Nel corso di questi anni di scuola, la sua personalità si consolidò, si affermò. Era una persona sicura di sé, si esprimeva bene in pubblico, aveva dell’umorismo e si sentiva a suo agio ovunque. Divenne quello che noi chiamiamo un “leader naturale”, primo della classe ed eccellente nello sport. E siccome voleva diventare un professionista del baseball dopo aver ottenuto la maturità, scelse di affrontare l’esame di ammissione all’Accademia militare, perché lì c’erano i migliori allenatori del paese. Lo passò. E così, nel 1971, il giovane che veniva da una lontana provincia arrivò a Caracas, capitale tanto futurista e terrorizzante ai suoi occhi quanto la Metropolis di Fritz Lang.

Le questioni militari lo appassionarono immediatamente. Dimenticò il baseball. Chávez si dedicò anima e corpo agli studi militari. Questi erano appena stati riformati. Ora l’Accademia ammetteva solo diplomati. Anche il corpo docente era stato rinnovato. Vi insegnavano ufficiali superiori considerati “meno sicuri” o “più progressisti” da parte delle autorità che rifiutavano di porre truppe sotto i loro ordini, ma non avevano esitato ad affidare loro la formazione dei futuri ufficiali. Dal 1958, dopo la caduta del dittatore Marcos Pérez Jiménez, i principali partiti. in particolare Azione Democratica (socialdemocratico) e Copei (democristiani) – aveva stabilito un accordo tra loro, il patto di Punto Fijo, e aveva gestito il potere alternativamente. La corruzione era generale. Nel 1962, scoppiarono due ribellioni di ufficiali, alleati a organizzazioni di estrema sinistra, a Puerto Cabello e a Carúpano. Altri militari si unìrono alle varie guerriglie sulle montagne. La repressione fu atroce. Le esecuzioni sommarie, le torture e le “sparizioni” divennero moneta corrente. La presenza di rappresentanti degli Stati Uniti era molto evidente, non solo nei siti petroliferi, ma all’interno stesso dello Stato Maggiore delle Forze Armate. La Cia inviò vari agenti e aiutò a perseguitare gli insorti.
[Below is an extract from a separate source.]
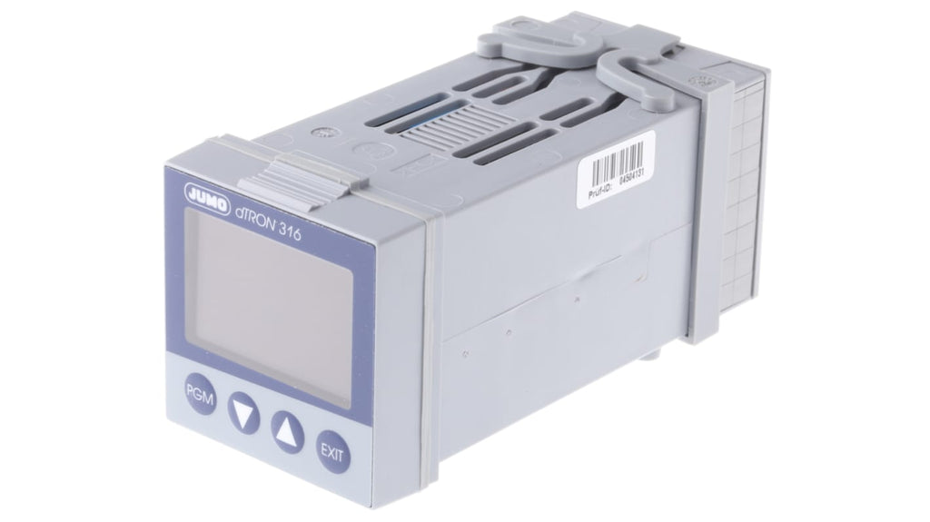 Termoregolatore PID Jumo dTRON, tensione di alimentazione 110-240 V ca, dimensioni 48 x 48 mm (1/16 DIN), 1 ingresso analogico, 4 uscite (logico, relè), grado di protezione IP20 e IP65, temperatura operativa da 0 a 55 gradi Celsius, display LED rosso/verde, interfaccia Profibus DP, configurazione tramite programma dedicato, 2 processi di ottimizzazione automatica, 4 set di punti di regolazione programmabili.

Chávez  assorbì letteralmente l’insegnamento teorico che riceveva all’Accademia. Uno dei suoi professori, il generale Pérez Arcáis, grande specialista di Ezequiel Zamora, esercitò un’influenza decisiva su di lui. Lo educò al bolivarianismo. Chávez lesse l’intera opera di Bolívar. La imparò a memoria. Era in grado di riprodurre in dettaglio su una mappa, con gli occhi chiusi, la strategia di ciascuna delle sue battaglie. Lesse anche a Simón Rodríguez, l’enciclopedista insegnante di Bolívar. E presto sviluppò la sua teoria delle “tre radici”: Rodríguez, Bolívar e Zamora. Dai testi politici di questi tre autori venezuelani ricavò le tesi dell’indipendenza e della sovranità, della giustizia sociale, dell’inclusione, dell’uguaglianza e dell’integrazione latinoamericana. Tesi che divennero i pilastri principali del suo progetto politico e sociale.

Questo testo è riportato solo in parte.